9 Historical Facts on Presidential Inaugurations

Ever since 1801 when Thomas Jefferson won a bitter campaign and took the presidency from his long-time friend and fellow patriot John Adams, the United States of America has prided itself on a peaceful transfer of power. That transition and symbol of democracy is celebrated every four or eight years on Inauguration Day. With the commencement of a new presidential term upon us, here are nine historical facts to get you ready for Inauguration Day:

1. Donald John Trump will become the 45th president of the United States of America. January 20, 2017, marks the 58th regularly scheduled inaugural ceremonies. There have also been nine intra-term inaugurations.

2. At 70 years and 7 months, Donald Trump will become the oldest first-time president, surpassing Ronald Reagan, who was 69 years and 11 months at his inauguration in 1981. When Reagan left office, he was just a few days shy of 78 years old. For what it’s worth, presidential nominee Hillary Clinton is 69 years and 2 months and would’ve been the second oldest president. The average age of the president at inauguration is 54 years and 11 months.

3. The 20th amendment moved Inauguration Day from March 4 to January 20, reducing the “lame duck” period of the outgoing president by six weeks. Franklin D. Roosevelt’s first inauguration took place on March 4, 1933, and his second inauguration was held January 20, 1937.

4. The coldest inauguration on record was 1985 when Ronald Reagan took the oath of office inside the Capitol Rotunda. The temperature was 7 degrees outside with wind chills of -25. Ironically, Reagan’s first inauguration in 1981 was the warmest January inauguration with a temperature of 55. This year’s forecast for noon predicts light rain and a temperature of 46.

5. Most president-elects wake up on Inauguration Day at Blair House. The official guest house of the President was named for Francis Preston Blair, an influential advisor to President Andrew Jackson.

6. Article II, Section 8, Clause 8 of the United States Constitution spells out the oath in 35 words, “I do solemnly swear that I will faithfully execute the Office of President of the United States, and will to the best of my ability, preserve, protect and defend the Constitution of the United States.” George Washington is credited for adding the phrase, “So help me God.” After January 20, the oath will have been taken on 74 occasions by 44 people.
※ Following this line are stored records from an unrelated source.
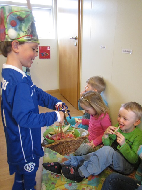 og bauð svo öllum í Mánakoti upp á ávexti úr afmæliskörfunni.
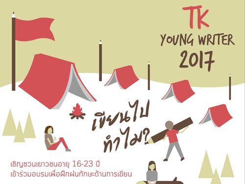 อุทยานการเรียนรู้ TK park ขอเชิญชวนเยาวชนอายุระหว่าง 16-23 ปี เข้าร่วมอบรมเพื่อฝึกฝนทักษะด้านการเขียน โดยมีนักเขียนชื่อดัง อาทิ วิภว์ บูรพาเดชะ (Happening), จักรพันธุ์ ขวัญมงคล (Hollywood Reporter), นครินทร์ นวกิจไพบูลย์ (The Momentum), กตัญญู สว่างศรี และ Studio Dialogue มาเป็นพี่เลี้ยง เป็นโค้ช และเป็นคนชี้แนะว่า “เราเขียนไปทำไม” เยาวชนที่ผ่านคัดเลือกจะได้ร่วมเข้าค่ายอบรม ระหว่างวันที่ 11-14 พฤษภาคม 2560 โดยไม่มีค่าใช้จ่ายใดๆ
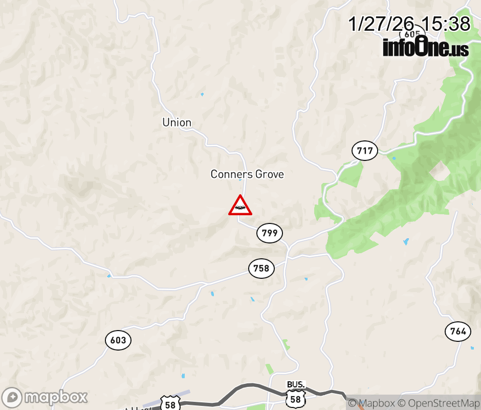 On Rt. 799 North in the County of Floyd, in the vicinity of Halls Store Rd; Rt. 604E/W (Floyd County), motorists can expect delays due to a vehicle crash. Lane closures exist. Updated: Tue 1/27/26 3:38 PM EST ![]() Updated: Tue 1/27/26 3:38 PM EST |

7. Still holding the record for longest inaugural address, William Henry Harrison refused to wear a topcoat on a cold and wet day in early March and died from pneumonia just 31 days after taking office.

8. The inaugural parade has only been around since 1953. That year, the parade lasted more than five hours after Dwight Eisenhower recited the oath with his hand on two Bibles, open to II Chronicles 7:14 and Psalm 33:12.

9. In 1977, President Jimmy Carter broke protocol when he began the rather new tradition of walking along Pennsylvania Avenue. His motivation to walk the mile and a half from the Capitol to the White House was to mark a “new beginning” that he proclaimed in his inaugural address.